This series will try and explain the basics of networking to the listener as well as introduce more detailed topics.
Install CentOS or Debian on a Raspberry Pi. I'm using CentOS, but I'll admit that Debian is the easier option by far.
Do this on 3 separate Pi units, each with the same specs.
Set hostnames
You must have unique hostnames for each Pi. Without unique hostnames, your cluster cannot function.
There are several "kinds" of hostnames, so to avoid confusion I change all of them.
I use a simple naming scheme: k for "kubernetes" + an integer, starting at 100 + c for "cluster":
$ sudo hostname k100c
$ sudo sysctl kernel.hostname=k100c
$ sudo hostnamectl set-hostname k100c
$ sudo reboot
Do this for each Pi. At a minimum, you end up with Pi computers named k100c, k101c, and k102c.
Set verbose prompts
When working with many different hosts, it's helpful to have a very verbose prompt as a constant reminder of which host you're connected to. Add this to the ~/.bashrc of each Pi:
export PS1='\[\033[1;32m\]\! \d \t \h:\w \n% \[\033[00m\]'
Install a Pi finder script
Install an LED blinker so you can find a specific Pi when you need one. This brilliant script is by Chris Collins for his article Use this script to find a Raspberry Pi on your network, which explains how to run it.
#!/bin/bash
set -o errexit
set -o nounset
trap quit INT TERM
COUNT=0
LED="/sys/class/leds/led0"
if ! [ $(id -u) = 0 ]; then
echo "Must be run as root."
exit 1
fi
if [[ ! -d $LED ]]
then
echo "Could not find an LED at ${LED}"
echo "Perhaps try '/sys/class/leds/ACT'?"
exit 1
fi
function quit() {
echo mmc0 >"${LED}/trigger"
}
echo -n "Blinking Raspberry Pi's LED - press CTRL-C to quit"
echo none >"${LED}/trigger"
while true
do
let "COUNT=COUNT+1"
if [[ $COUNT -lt 30 ]]
then
echo 1 >"${LED}/brightness"
sleep 1
echo 0 >"${LED}/brightness"
sleep 1
else
quit
break
fi
done
Install K3s on your control plane
K3s is Kubernetes for IoT and Edge computing. It's the easiest, cleanest, and most serious method of getting Kubernetes on an ARM device. You can try other solutions (Microk8s, Minikube, OXD, and so on), but the best support comes from k3s.

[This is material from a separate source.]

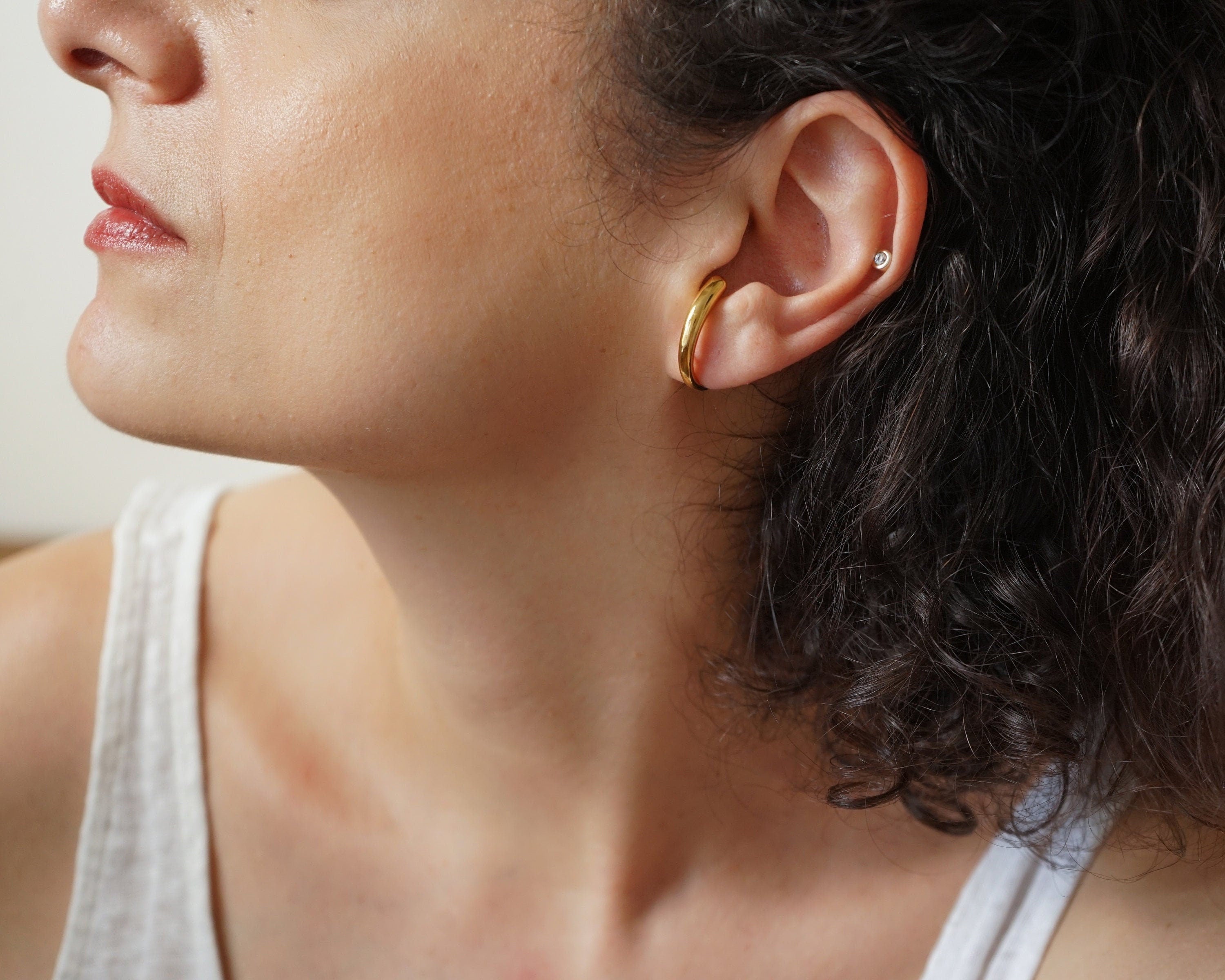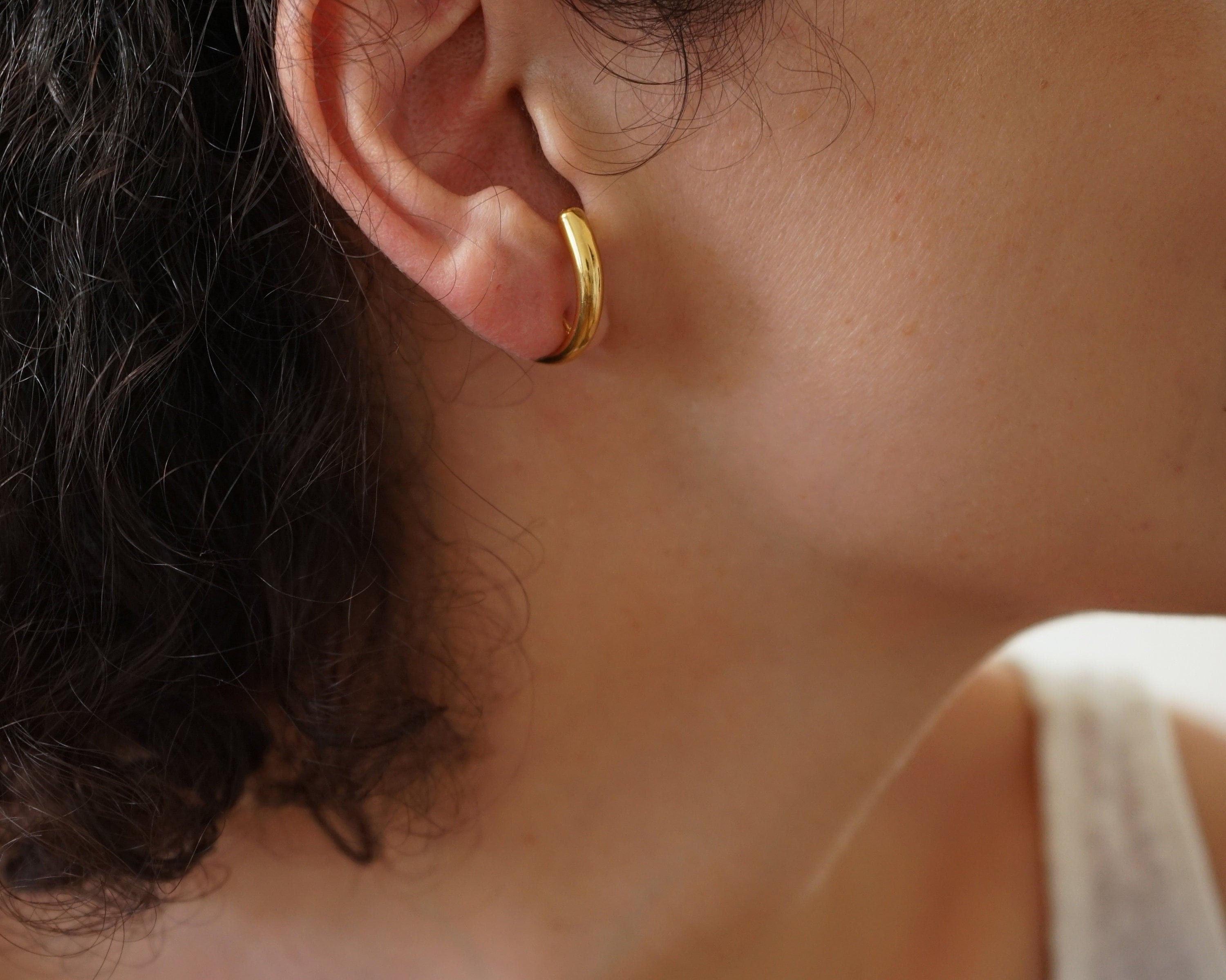 Gold Long Lobe Hugger Earrings

First, you must install k3s on one Pi. You can use any of your Pi units for this, but I use host k100c because it's the first in the sequence, so it feels logical.
[k100c]$ curl -sfL https://get.k3s.io -o install_k3s.sh
[k100c]$ chmod 700 install_k3s.sh
Read the script to ensure that it seems to do what you expect, and then:
[k100c]$ ./install_k3s.sh
After installation, you're prompted to add some arguments to your bootloader. Open /boot/cmdline.txt in a text editor and add cgroup_memory=1 cgroup_enable=memory to the end of it.
console=ttyAMA0,115200 console=tty1 root=/dev/mmcblk0p3 rootfstype=ext4 elevator=deadline rootwait cgroup_memory=1 cgroup_enable=memory
Reboot:
[k100c]$ sudo reboot
Once the Pi is back up, verify that your node is ready:
[k100c]$ k3s kubectl get node
NAME STATUS ROLES AGE
k100c Ready control-plane,master 42s
This Pi is the "control plane", meaning it's the Pi that you use to administer your cluster.
Get the node token
Obtain the control plane's node token. Thanks to k3s, this is autogenerated for you. If you not using k3s, then you must generate your own with the command kubeadm token generate.
Assuming you're using k3s:
$ MYTOKEN=$(sudo cat /var/lib/rancher/k3s/server/node-token)
$ echo $MYTOKEN
K76351a1c2497d907ba7a156028567e0ccc26b82d2174161c564152ab3add6cc3fb::server:808771e4e695e3e3465ed9a14a0581da
Add your control plane hostname to your hosts file
If you know how to manage local DNS settings, then you can use a DNS service to identify the hosts in your cluster. Otherwise, the easy way to make your nodes know how to find your control plane is to add the control plane's hostname and IP address to the /etc/hosts file on each node. This also assumes that your control plane has a static local IP address. For example, this is the host file of k101c and k102c:
127.0.0.1 localhost.localdomain localhost
::1 localhost6.localdomain6 localhost6
10.0.1.100 k100c
Verify that each host can find the control plane. For example:
[k101c]$ ping -c 1 k100c || echo "fail"
[k101c]
Add nodes to your cluster
Now you can add the other Pi computers to your cluster. On each Pi you want to turn into a computer node, install k3s with the control plane and token as environment variables. On my second Pi, for instance, I run this command:
[k101c]$ curl -sfL https://get.k3s.io | K3S_URL=https://k100c:6443 K3S_TOKEN="${MYTOKEN}" sh -
On my third and final Pi, I run the same command:
[k102c]$ curl -sfL https://get.k3s.io | K3S_URL=https://k100c:6443 K3S_TOKEN="${MYTOKEN}" sh -
Verify your cluster
On your control plane, verify that all nodes are active:
% k3s kubectl get nodes
NAME STATUS ROLES AGE VERSION
k100c Ready control-plane,master 2d23h v1.21.4+k3s1
k102c Ready <none> 21h v1.21.4+k3s1
k101c Ready <none> 20h v1.21.4+k3s1
It can take a few minutes for the control plane to discover all nodes, so wait a little while and try the command again if you don't see all nodes right away.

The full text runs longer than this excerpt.